§ **WHAT YOU SHOULD DO**: Print the lines in the listing below that fall between the line with "采用本試驗總結出的以上Rel luminance- Δnd曲線,對於某一未知光程差的VA" and the line with "Устанавливается в фрезерованный", those two lines included, exactly as they stand and with nothing else.

§ **DATA SUPPLIED**:
<<<<

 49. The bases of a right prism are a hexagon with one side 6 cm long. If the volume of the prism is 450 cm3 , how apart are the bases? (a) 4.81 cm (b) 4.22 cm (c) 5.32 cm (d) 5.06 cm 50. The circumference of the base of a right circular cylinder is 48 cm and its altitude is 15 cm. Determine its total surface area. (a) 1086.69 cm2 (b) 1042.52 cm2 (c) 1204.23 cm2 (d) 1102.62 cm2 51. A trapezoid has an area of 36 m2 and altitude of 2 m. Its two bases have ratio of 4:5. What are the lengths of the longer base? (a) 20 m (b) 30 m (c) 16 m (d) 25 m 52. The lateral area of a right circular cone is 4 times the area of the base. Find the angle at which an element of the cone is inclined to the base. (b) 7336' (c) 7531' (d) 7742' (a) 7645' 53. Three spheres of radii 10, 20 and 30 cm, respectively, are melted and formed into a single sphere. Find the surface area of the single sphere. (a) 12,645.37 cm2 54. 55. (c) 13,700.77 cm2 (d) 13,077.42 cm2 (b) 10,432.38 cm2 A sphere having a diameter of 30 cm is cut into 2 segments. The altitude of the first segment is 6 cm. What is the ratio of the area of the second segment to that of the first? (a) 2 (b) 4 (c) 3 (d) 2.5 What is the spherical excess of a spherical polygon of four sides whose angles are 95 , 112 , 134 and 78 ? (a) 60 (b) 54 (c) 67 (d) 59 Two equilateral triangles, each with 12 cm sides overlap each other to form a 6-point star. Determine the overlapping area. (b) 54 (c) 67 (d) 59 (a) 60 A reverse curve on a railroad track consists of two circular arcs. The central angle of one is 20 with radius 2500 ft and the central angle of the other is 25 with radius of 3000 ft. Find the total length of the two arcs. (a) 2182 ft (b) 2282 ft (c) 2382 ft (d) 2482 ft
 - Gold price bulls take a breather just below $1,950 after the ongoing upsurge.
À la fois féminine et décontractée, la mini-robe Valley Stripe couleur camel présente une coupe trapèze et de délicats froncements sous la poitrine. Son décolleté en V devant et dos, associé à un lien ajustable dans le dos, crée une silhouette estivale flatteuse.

>>>>
<<<<

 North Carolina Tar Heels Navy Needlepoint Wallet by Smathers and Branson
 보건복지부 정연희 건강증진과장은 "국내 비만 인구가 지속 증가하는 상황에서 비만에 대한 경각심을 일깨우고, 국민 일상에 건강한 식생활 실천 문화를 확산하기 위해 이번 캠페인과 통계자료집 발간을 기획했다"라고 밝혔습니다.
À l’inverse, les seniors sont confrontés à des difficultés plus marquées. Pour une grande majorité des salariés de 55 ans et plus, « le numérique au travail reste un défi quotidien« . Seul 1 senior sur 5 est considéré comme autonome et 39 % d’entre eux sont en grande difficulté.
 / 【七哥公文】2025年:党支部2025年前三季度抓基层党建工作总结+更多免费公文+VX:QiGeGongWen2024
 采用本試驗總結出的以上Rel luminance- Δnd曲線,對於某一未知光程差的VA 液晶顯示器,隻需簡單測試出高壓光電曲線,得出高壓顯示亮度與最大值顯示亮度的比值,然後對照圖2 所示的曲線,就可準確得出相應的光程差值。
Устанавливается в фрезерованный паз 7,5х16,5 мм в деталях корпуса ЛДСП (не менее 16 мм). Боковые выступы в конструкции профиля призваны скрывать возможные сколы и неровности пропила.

>>>>

§ **SOLUTION FOR THIS PROBLEM**:
 采用本試驗總結出的以上Rel luminance- Δnd曲線,對於某一未知光程差的VA 液晶顯示器,隻需簡單測試出高壓光電曲線,得出高壓顯示亮度與最大值顯示亮度的比值,然後對照圖2 所示的曲線,就可準確得出相應的光程差值。
Устанавливается в фрезерованный паз 7,5х16,5 мм в деталях корпуса ЛДСП (не менее 16 мм). Боковые выступы в конструкции профиля призваны скрывать возможные сколы и неровности пропила.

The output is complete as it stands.